INPUT MATERIAL:
-- Opening Marker --

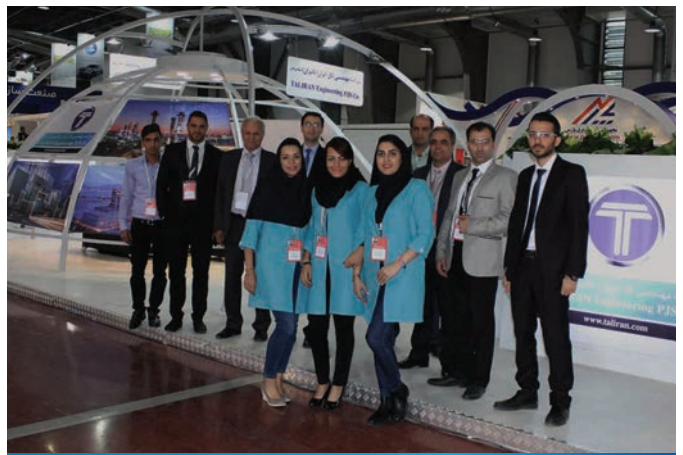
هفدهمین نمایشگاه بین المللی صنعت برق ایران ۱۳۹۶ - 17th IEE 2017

-- Closing Marker --
-- Opening Marker --

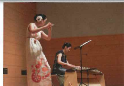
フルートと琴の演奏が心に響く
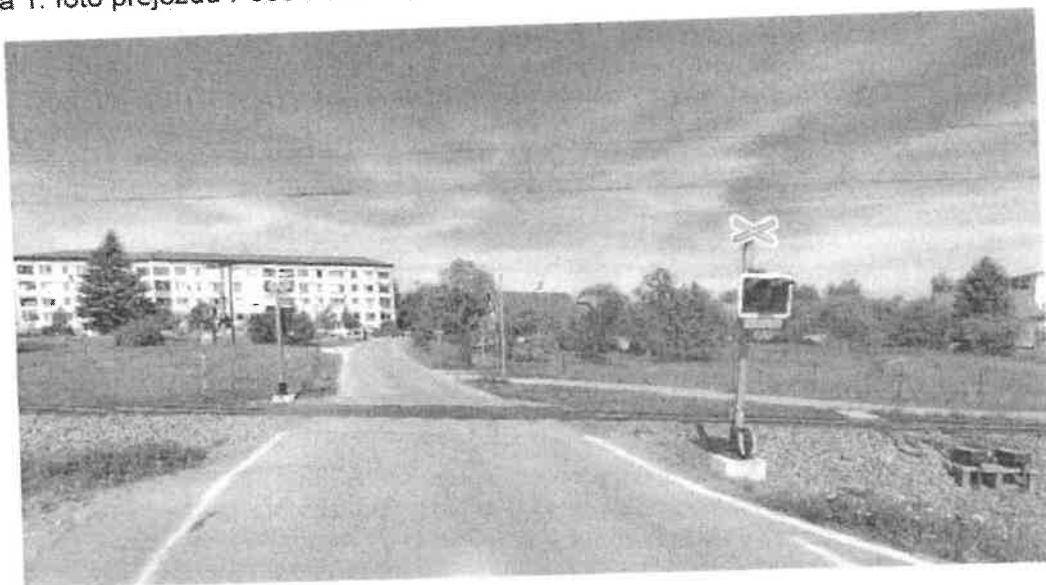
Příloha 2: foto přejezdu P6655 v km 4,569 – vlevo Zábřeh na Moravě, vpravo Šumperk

-- Closing Marker --

Although pictures appear among the records above, write out exactly only the lines from the one that has "フルートと琴の演奏が心に響く" through the one that has "Příloha 2: foto", and leave the pictures out.

フルートと琴の演奏が心に響く
Příloha 2: foto přejezdu P6655 v km 4,569 – vlevo Zábřeh na Moravě, vpravo Šumperk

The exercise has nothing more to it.